## How to complete this task
The reader should set down exactly the lines from the one containing "历届毕业生:65%世界排名前" through the last line of the material, omitting every picture.

## Data below
++++++++++

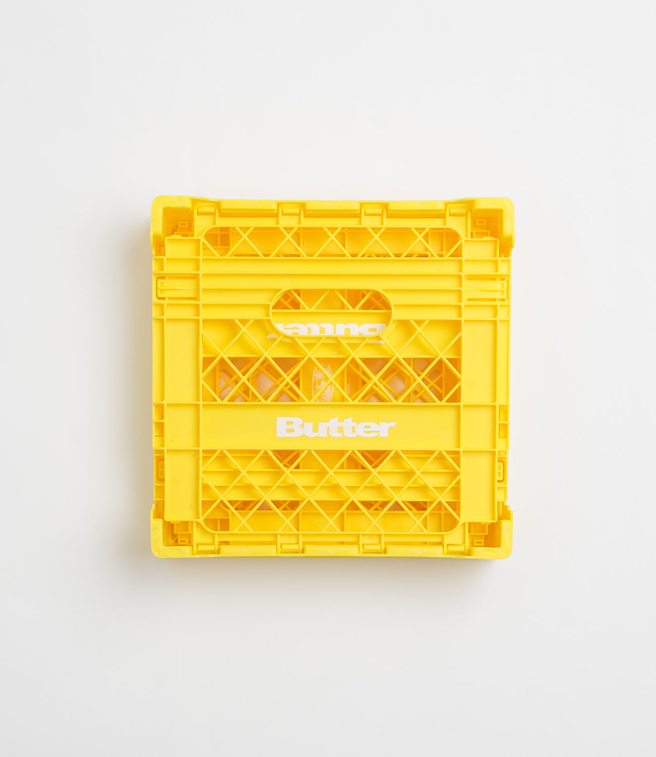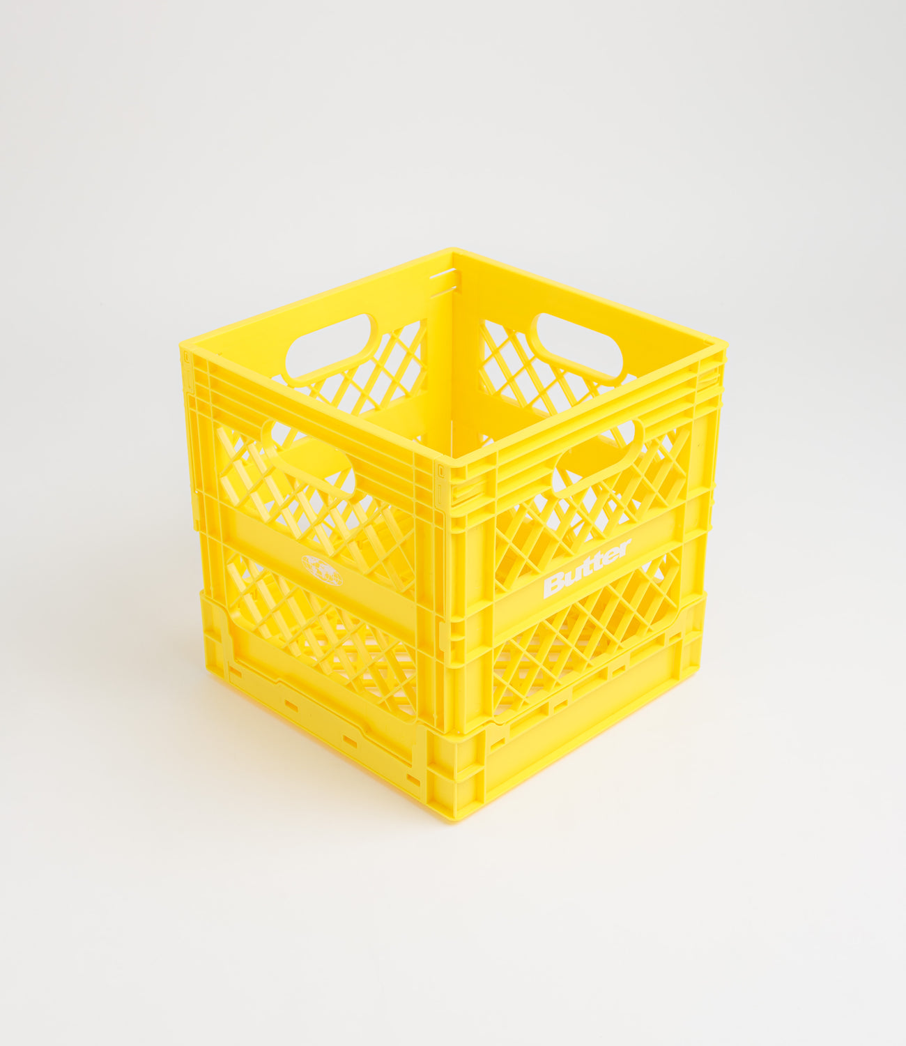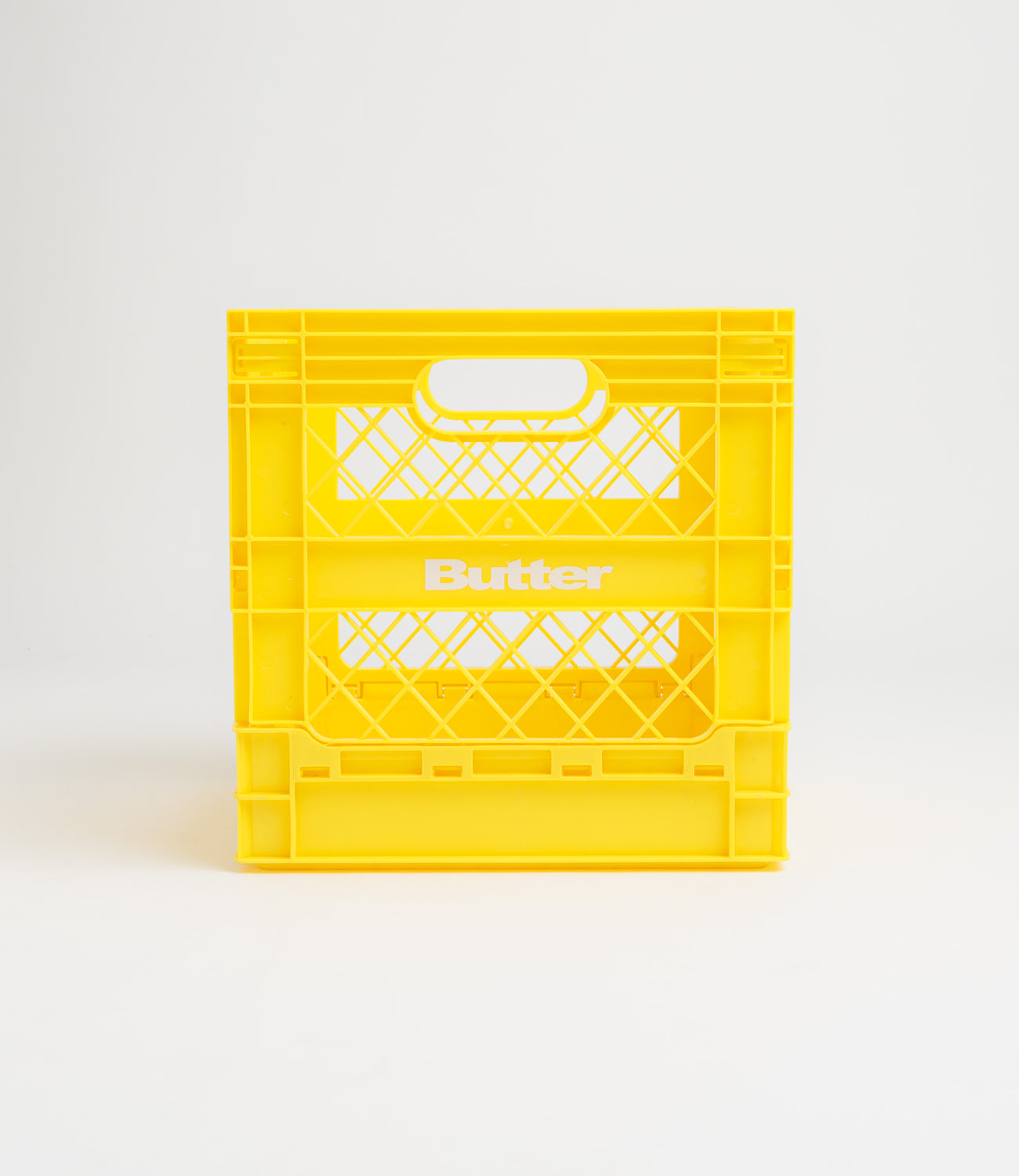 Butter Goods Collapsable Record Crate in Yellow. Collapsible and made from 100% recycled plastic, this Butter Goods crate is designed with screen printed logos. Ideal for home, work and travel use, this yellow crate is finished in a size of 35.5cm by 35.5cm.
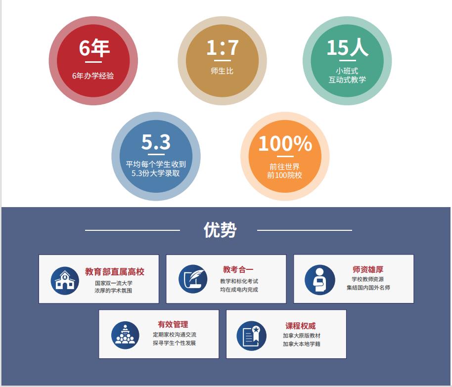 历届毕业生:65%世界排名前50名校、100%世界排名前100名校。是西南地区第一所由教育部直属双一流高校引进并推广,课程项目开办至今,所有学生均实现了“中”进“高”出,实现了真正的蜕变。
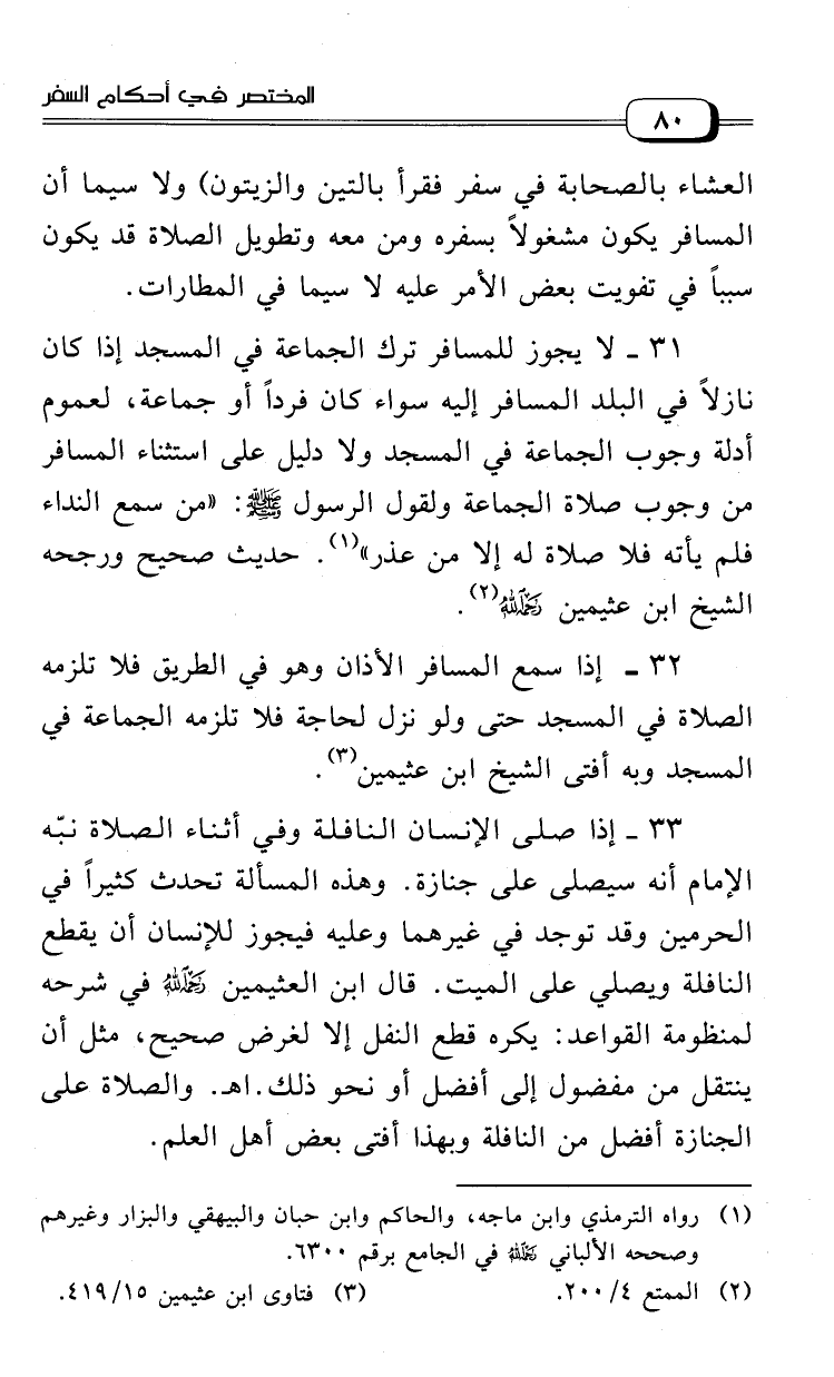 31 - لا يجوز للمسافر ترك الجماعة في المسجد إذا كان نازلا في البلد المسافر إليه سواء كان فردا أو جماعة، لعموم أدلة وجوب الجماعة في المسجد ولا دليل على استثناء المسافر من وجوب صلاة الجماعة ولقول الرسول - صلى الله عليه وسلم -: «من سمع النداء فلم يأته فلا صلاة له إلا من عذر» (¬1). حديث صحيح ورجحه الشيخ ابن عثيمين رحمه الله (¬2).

++++++++++

## Task answer
 历届毕业生:65%世界排名前50名校、100%世界排名前100名校。是西南地区第一所由教育部直属双一流高校引进并推广,课程项目开办至今,所有学生均实现了“中”进“高”出,实现了真正的蜕变。
 31 - لا يجوز للمسافر ترك الجماعة في المسجد إذا كان نازلا في البلد المسافر إليه سواء كان فردا أو جماعة، لعموم أدلة وجوب الجماعة في المسجد ولا دليل على استثناء المسافر من وجوب صلاة الجماعة ولقول الرسول - صلى الله عليه وسلم -: «من سمع النداء فلم يأته فلا صلاة له إلا من عذر» (¬1). حديث صحيح ورجحه الشيخ ابن عثيمين رحمه الله (¬2).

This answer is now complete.